Reproduce word for word every line from the one containing "Josera Culinesse é" to the final line of the data below; omit the pictures.
**** Given data ****
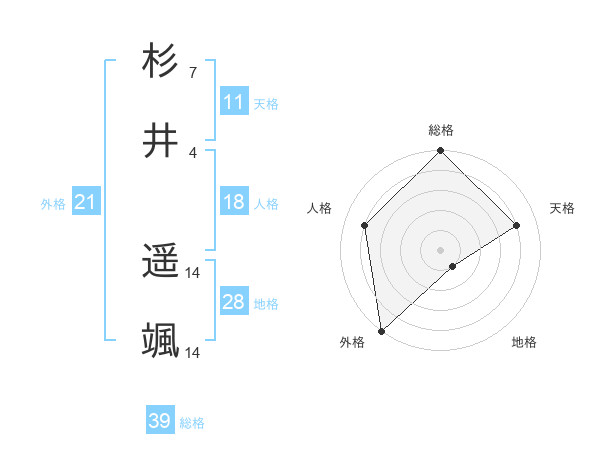 杉井 遥颯さんの総格は39画の5点!
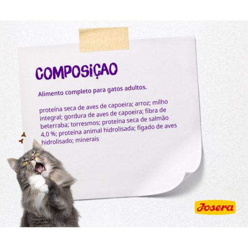 Josera Culinesse é uma ração seca para gatos adultos exigentes, que contém salmão de qualidade superior e óleo de salmão.
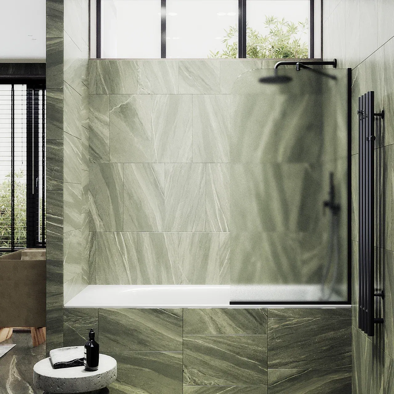 Монтаж осуществляется с помощью алюминиевого профиля, что обеспечивает надежность крепления и безопасность использования стеклянной перегородки для ванной. Также, шторка оснащена специальным уплотнителем, который предотвращает попадание воды на пол ванной комнаты. Закаленное стекло, цвет Сатин,толщина 8 мм 1400х900 мм - 1 шт.
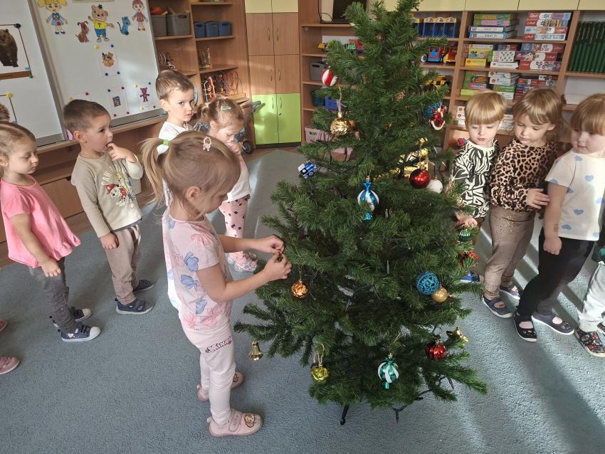W tym dniu dzieci z grupy Pszczółek, pięknie ozdobiły naszą choinkę, która już swoim blaskiem zachwyca każdego!
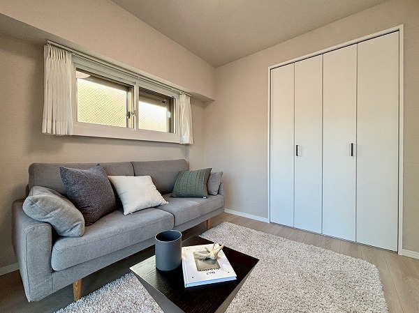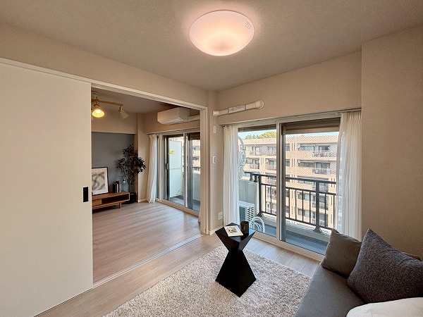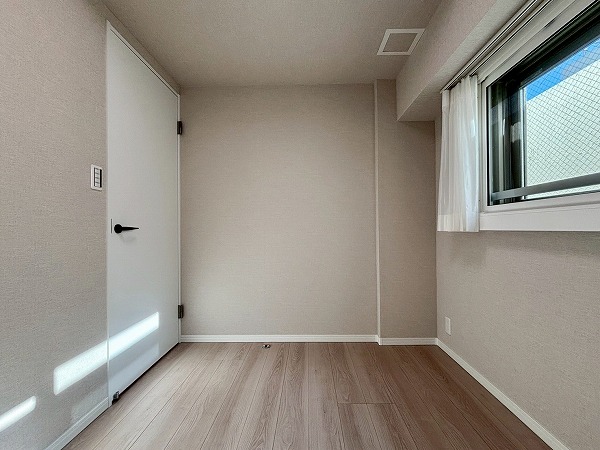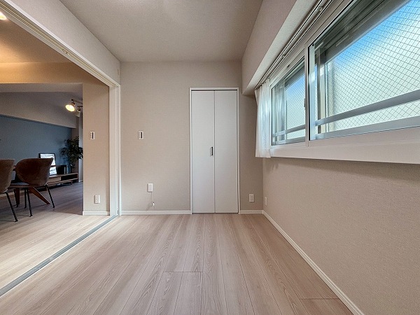 およそ5.2帖の洋室と、およそ4.5帖・およそ3.7帖のサービスルームが設けられています。用途に合わせてお部屋を選べますね。こちらの洋室は2面採光になっていて、通気性ばっちりです🎵メインルームとは引き戸で区切られているので、普段は戸を開けて空間を広く見せることも可能。
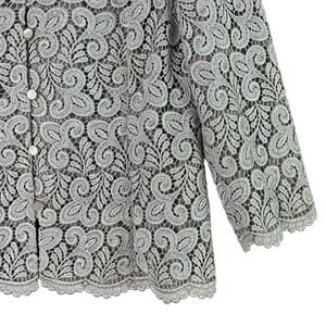 Features: crew neckline, button front closure, 3/4 sleeves, scalloped edge, fully lined, metallic silver floral lace.
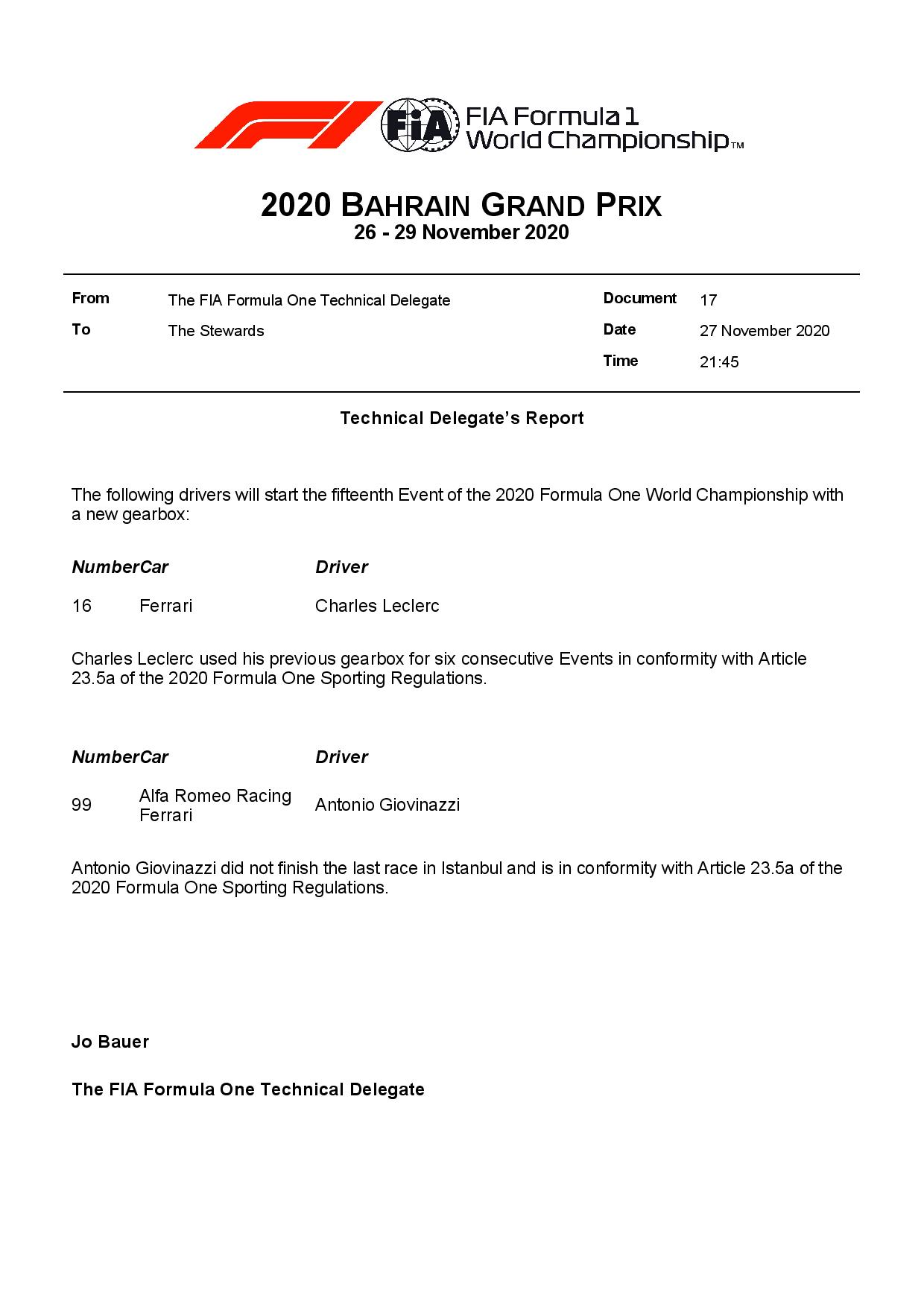 Notez également qu’Antonio Giovinazzi a reçu un moteur à combustion interne neuf pour le Grand Prix de Bahreïn, mais là encore, l’Italien respecte son quota de pièces neuve pour la saison et n’écopera donc d’aucune pénalité.
****
Answer for the task:
 Josera Culinesse é uma ração seca para gatos adultos exigentes, que contém salmão de qualidade superior e óleo de salmão.
 Монтаж осуществляется с помощью алюминиевого профиля, что обеспечивает надежность крепления и безопасность использования стеклянной перегородки для ванной. Также, шторка оснащена специальным уплотнителем, который предотвращает попадание воды на пол ванной комнаты. Закаленное стекло, цвет Сатин,толщина 8 мм 1400х900 мм - 1 шт.
W tym dniu dzieci z grupy Pszczółek, pięknie ozdobiły naszą choinkę, która już swoim blaskiem zachwyca każdego!
 およそ5.2帖の洋室と、およそ4.5帖・およそ3.7帖のサービスルームが設けられています。用途に合わせてお部屋を選べますね。こちらの洋室は2面採光になっていて、通気性ばっちりです🎵メインルームとは引き戸で区切られているので、普段は戸を開けて空間を広く見せることも可能。
 Features: crew neckline, button front closure, 3/4 sleeves, scalloped edge, fully lined, metallic silver floral lace.
 Notez également qu’Antonio Giovinazzi a reçu un moteur à combustion interne neuf pour le Grand Prix de Bahreïn, mais là encore, l’Italien respecte son quota de pièces neuve pour la saison et n’écopera donc d’aucune pénalité.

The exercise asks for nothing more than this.